The integration of Kernel Warehouse, Feature Pyramid Network, and Snake Convolution within the YOLOv8 framework for ancient mural element recognition and classification offers significant practical implications for the field of mural analysis. This advanced computational approach enables more precise and efficient identification of diverse elements within historical murals, including figures, objects, and architectural details. By automating the recognition process, researchers can save considerable time and resources that would otherwise be spent on manual identification and documentation. Moreover, the enhanced precision provided by the YOLOv8-based algorithm ensures more accurate and consistent interpretations of mural elements. This capability is particularly valuable for comparative research, where identifying similar or identical features across murals can yield valuable insights into the cultural, religious, or historical contexts of the artworks. Additionally, the algorithm’s ability to classify objects based on their attributes contributes to a deeper understanding of the artistic styles and techniques employed in ancient mural paintings. The practical implications of this research extend to the preservation and restoration of historical murals. By accurately recognizing and classifying mural elements, conservationists can assess the condition of the artworks more effectively and prioritize areas requiring restoration. This targeted approach to preservation ensures the longevity of these invaluable cultural heritages.

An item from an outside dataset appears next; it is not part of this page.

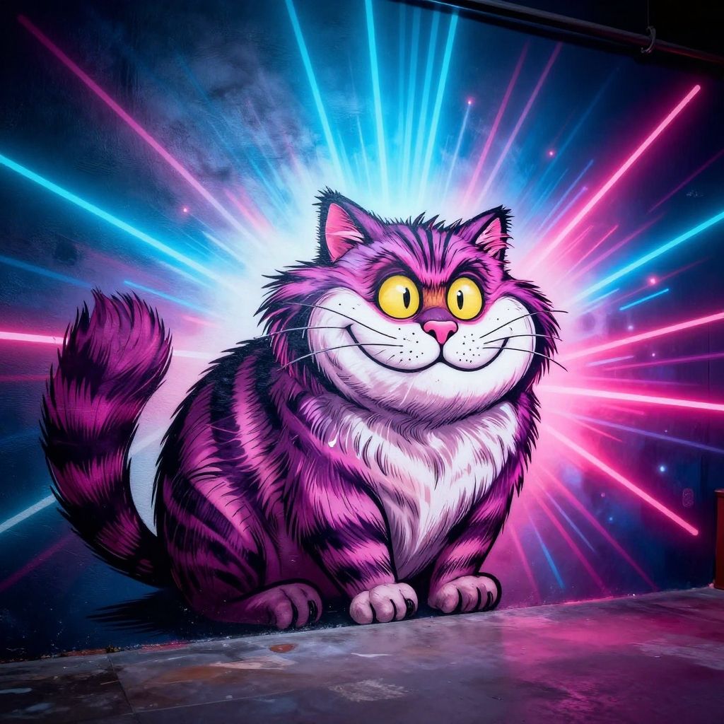 ((best quality)), ((detailed)), ((masterpiece)), ((Enchanting)), Phenomenal, Exquisite, (((wall graffiti drawing:1.3) of Cheshire Cat, (Wall Graffiti:1.3), (Graffiti:1.2))) artwork, flat shading, (influenced by banksy), Lateral illumination, Off-axis lighting, Directional light, Panoramic view, Wide angle, (neon stripes:1.1), neon background, (glowing:1.1)(bioluminescence), light rays, (lineart, thick lines, clear lines:1.2), comic, 2d, (straight view:1.2), (Style: realism, (epic:1.2), realistic, photo, trending on artstation, pixar, 3d, ((high quality:1.2, masterpiece:1.2)), (8k resolution), high details, incredibly absurdres, color connection, colorized, colorful), (1girl Wall Graffiti:1.1), (Street art:1.1), Graffiti artwork

In conclusion, the implementation of Kernel Warehouse, Feature Pyramid Network, and Snake Convolution within the YOLOv8 framework provides a powerful tool for scholars, historians, and conservationists. By expediting the identification and analysis processes, this algorithmic technique has the potential to significantly enhance our understanding of historical murals and contribute to their preservation for future generations.

4.2. Research Prospects

This paper has conducted extensive research on the digital recognition of mural paintings. While some progress has been made in the study of ancient murals, it is evident that there are still numerous challenges to overcome. Due to existing issues such as the diversity and inconsistency of mural image standards, the algorithm presented in this paper has certain limitations. To truly unlock the potential of ancient mural research and address these complexities, further work is imperative in several key areas:

➢: Enhancing the Mural Database: The classification of images within the mural database faces challenges such as disputes over classification and a scarcity of comprehensive resources. These issues largely stem from the lack of large, publicly available mural image datasets. Furthermore, mural images are often subject to strict protection by local authorities, making their collection particularly difficult. Many mural images are concentrated in specific regions, sharing similar styles and content. However, their uneven distribution raises concerns about the reliability and representativeness of the collected data. To address these challenges, future research must include extensive fieldwork, close collaboration with local authorities, and the use of diverse references. The aim is to create a comprehensive, balanced, and extensive mural image dataset that accurately reflects the richness and diversity of ancient mural art.
➢: Addressing Data Imbalance in Neural Architecture Search: Data imbalance is a significant issue when employing neural architecture search algorithms for classification. This challenge often arises due to limitations in time and manpower, leading to datasets that are unevenly distributed across categories. To ensure effective and reliable classification, it is essential to construct a balanced dataset for ancient mural classification. This involves not only increasing the overall size of the dataset but also ensuring that each category of murals is adequately represented. A balanced dataset will enable more effective training of the algorithm, resulting in improved recognition accuracy and a deeper understanding of ancient mural art.
➢: Improving Recognition Accuracy and Handling Controversial Images: While significant improvements have been achieved in recognition accuracy for mural classification, challenges remain, particularly when addressing controversial mural images. These images often pose difficulties for the algorithm, leading to less satisfactory performance. To overcome this, future research should prioritize refining and enhancing the algorithm’s performance. This includes developing advanced feature extraction techniques capable of accurately capturing and analyzing the intricate characteristics of mural images, such as their content, style, and historical context. By focusing on these advancements, the algorithm will be better equipped to handle controversial images, resulting in more reliable and accurate classifications.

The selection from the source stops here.